Wenn man das Ziel der Familienfreundlichkeit ernst nimmt und den Kinder- und Familienboom, den Familien- und Fachkräftezuzug sowie auch die Stimmung in der Wirtschaft nicht ausbremsen will, muss man zwingend zu einer strukturierten Bedarfserfassung und ?verwaltung sowie schlussendlich auch einer zentral koordinierten Vergabe von Betreuungsplätzen gelangen. Die Freien Träger der Jugendhilfe müssen in diesem Zusammenhang bereit sein, zugunsten des Vertrauens und der Transparenz auf einen Teil ihrer bisherigen Eigenständigkeit zu verzichten, solange sie Plätze zur Verfügung stellen, welche durch die öffentliche Hand finanziert werden.
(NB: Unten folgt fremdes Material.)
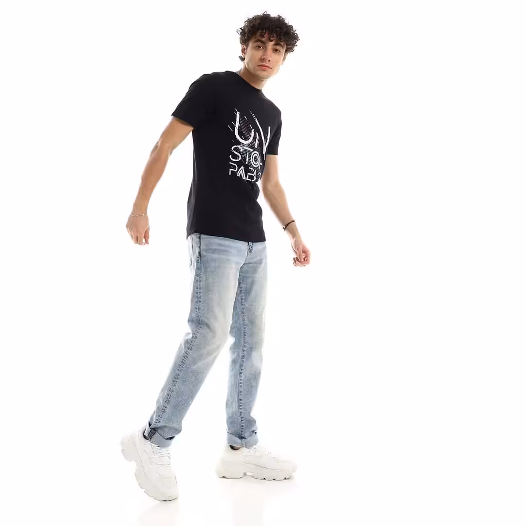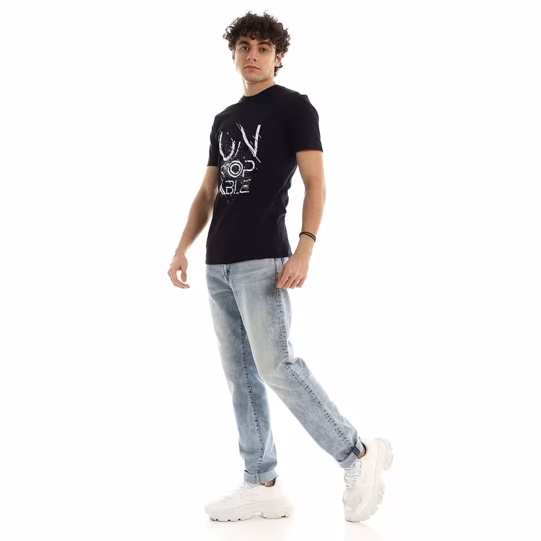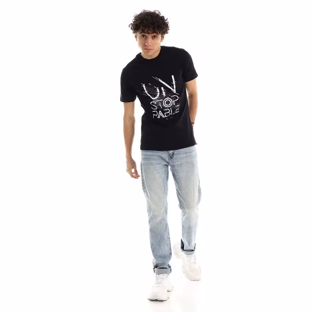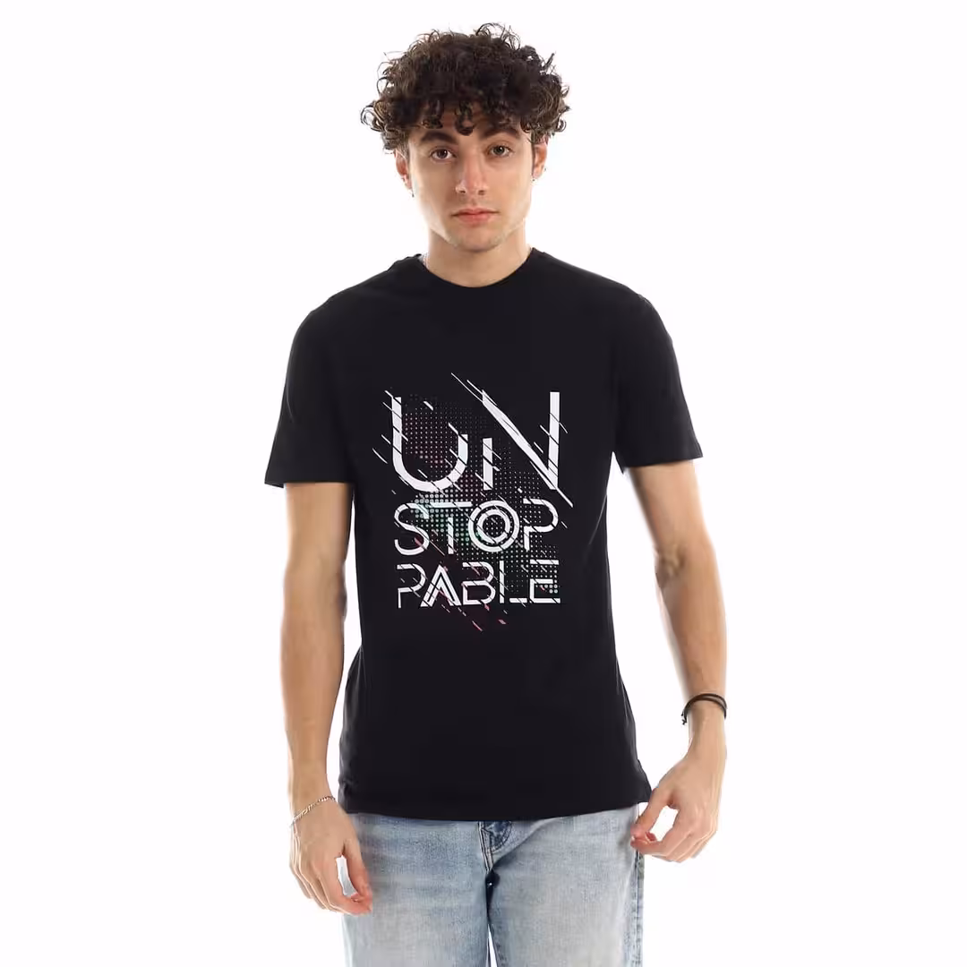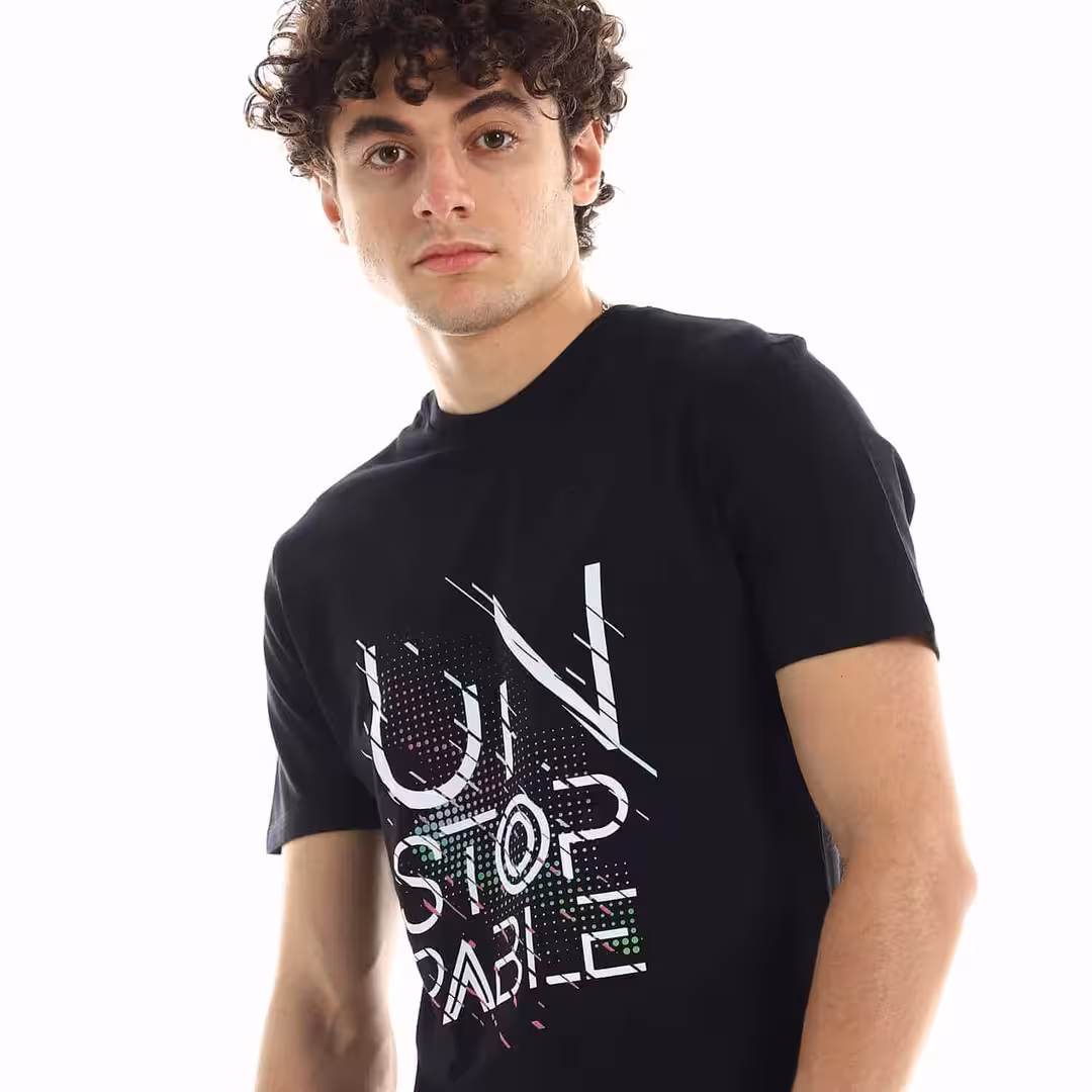 تيشرت رجالي نص كم حوض قطن – اسود

Eine koordinierte, strukturierte und zentrale Verwaltung erfordert zwingend ein striktes Verbot von Wartelisten in den Einrichtungen und eine aus dem System herausgelöste Vergabe von Betreuungsplätzen. Dies soll und wird auf der anderen Seite aber nicht dazu führen, dass die Einrichtungen im Vorfeld der Platzvergabe keinen Kontakt zu interessierten Eltern haben. Durch die Angabe von Wunscheinrichtungen bei der Bedarfsanmeldung im Amt für Jugend, Familie und Bildung sind die Eltern angehalten, sich im Vorfeld Informationen über die Betreuungslandschaft, die unterschiedlichen Bildungsprofile und die örtlichen Gegebenheiten einzuholen.

Die Vergabe hat schließlich mittels eines vom Amt für Jugend, Familie und Bildung zu erstellenden Kriterienkataloges zu erfolgen. Einrichtungen in Freier Trägerschaft werden die laut zentral verwalteter Datenbank zugeteilten Plätze mitgeteilt, sodass einerseits die vertragliche Basis weiterhin zwischen dem Freien Träger und den Eltern erfolgen wird, andererseits aber die vermeintliche Wahlfreiheit des Freien Trägers im Bezug auf die Familie eingeschränkt wird. Ausnahmeregelungen, welche ebenfalls zentral vom Amt für Jugend, Familie und Bildung gesteuert werden müssen, sind im gesetzlichen Rahmen nach wie vor zu gewährleisten, so muss beispielsweise eine kurzfristige verbindliche Platzzuweisung im Rahmen der vorbeugenden Kindeswohlgefährdung möglich sein.